Several weeks ago, New York Times publisher A.G. Sulzberger met with Trump in the White House for an off-the-record discussion. This morning, Trump revealed the existence of that conversation when he tweeted about it, saying that the two had "[s]pent much time talking about the vast amounts of Fake News being put out by the media & how that Fake News has morphed into phrase, 'Enemy of the People.'"

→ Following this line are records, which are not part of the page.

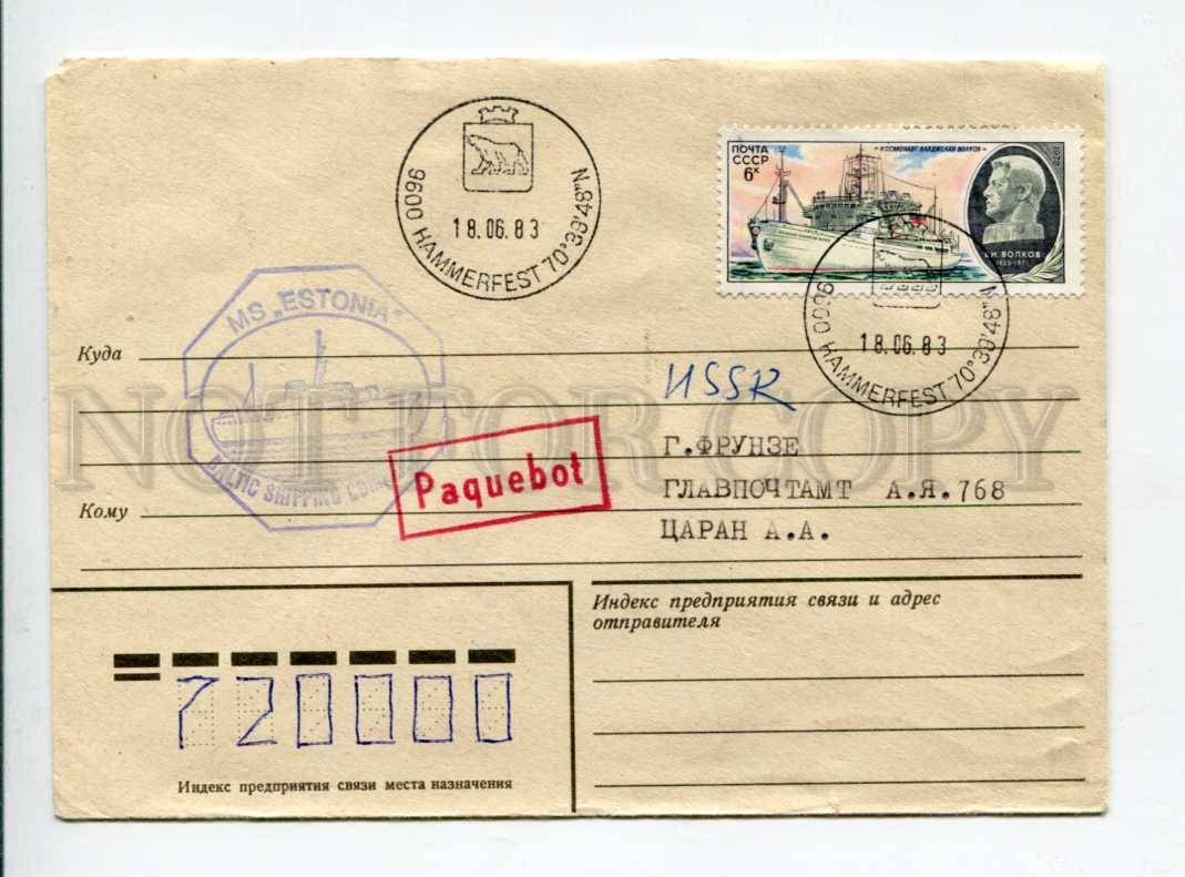 >>> POSTALLY USED: special cancellations shipping postage Baltic Shipping Company motor ship Estonia Norway Hammerfest 1983 year
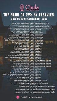 *Source: Office of Strategy Management and Budgeting, 2022 **Source: Office of Research Affairs, 2021 Faculty Academic Staff Total 3,040 4,956 7,996 Chula Personnel* Bachelor Master Doctoral Higher Graduate Diploma Graduate Diploma Total 28,457 8,855 3,059 829 62 41,262 Student Body* Research and Funding** Publication in Q1 Journal Scopus, 2021-2022 2126 Top 16 in the World by Time Higher Education World Impact Rankings 2022 Sustainable Development Goals for 704 projects Exchange rate: USD 1 = THB 34.46 (as of March 2023) Intramural Grants** $18.8 M for 495 projects Exchange rate: USD 1 = THB 34.46 (as of March 2023) Extramural Grants** $53.8 M Innovations 300+ Startups Under CU Innovation Hub, 2021 Under CU Innovation Hub, 2021 Market Value $45.3 M Academic Reputation No.1 in Thailand for the 14th consecutive year By QS World University Rankings (2021-2022)
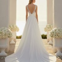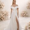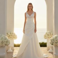 Vestido de novia ideal por su drapeado entre cintura y cadera porque disimula barriguita y estiliza la figura.
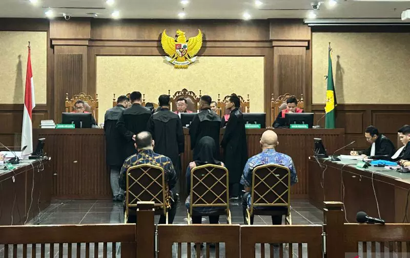 Sebanyak tiga terdakwa kasus dugaan korupsi dalam program digitalisasi pendidikan di lingkungan Kemendikbudristek pada tahun 2019-2022, dalam sidang pembacaan surat dakwaan di Pengadilan Tipikor pada PN Jakarta Pusat, Selasa (16/12/2025). ANTARA/Agatha Olivia Victoria.
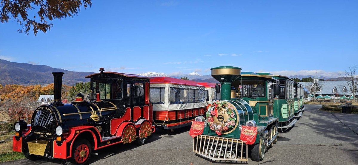 【一足早いクリスマス】 ロードトレイン「マックス君」が、クリスマス装飾され園内を周遊します✨🎄✨ 2代目「ドット君」と並んでいると、まるでドット君がサンタさん🎅&マックス君がクリスマスツリー🎄のようですね😆 #牧歌の里 pic.x.com/TuxkGemG3w
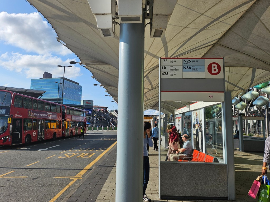 The 25 overlaps with the next bus, the 86, all the way from Stratford to Ilford, so I could have changed at any point along the overlap. I decided to do so at the first opportunity at Stratford bus station, as buses often halt longer at bus stations because of the greater number of people getting on and off, which gives a bit longer to make a connection. However, as my 25 bus pulled into Stratford bus station, I saw an 86 leaving, so I wondered if, had I not got off there, I might have been able to catch it later along the route.

Speaking to the press off the record works both ways, so Sulzberger responded with a brief statement. He said that he had agreed to talk to Trump so that he could "raise concerns about the president’s deeply troubling anti-press rhetoric," which he found "not just divisive but increasingly dangerous." Sulzberger pointed out that Trump's language was being mimicked by dictators, and that Trump's hostility to the free American press is being used in authoritarian regimes to justify killing journalists.
Trump, whose public schedule was once again empty except for shuttling between the White House and his New Jersey golf club, responded to Sulzberger's statement with an enraged four-tweet blast. He said that "insane" journalists were putting people's lives at risk, not the other way around--though he didn't say how. He called the free American press "very unpatriotic" and said that he "would not allow" the country to be "sold out" by the newspaper press.
Why is this bad?
- Trying to discredit the free press is what authoritarians do.
- A president who is given criticism in private and hears only agreement is probably not mentally healthy enough for the job.
- A president who is given criticism in public and reacts with rage is definitely not mentally healthy enough for the job.
- The truth is not whatever is most convenient for Donald Trump.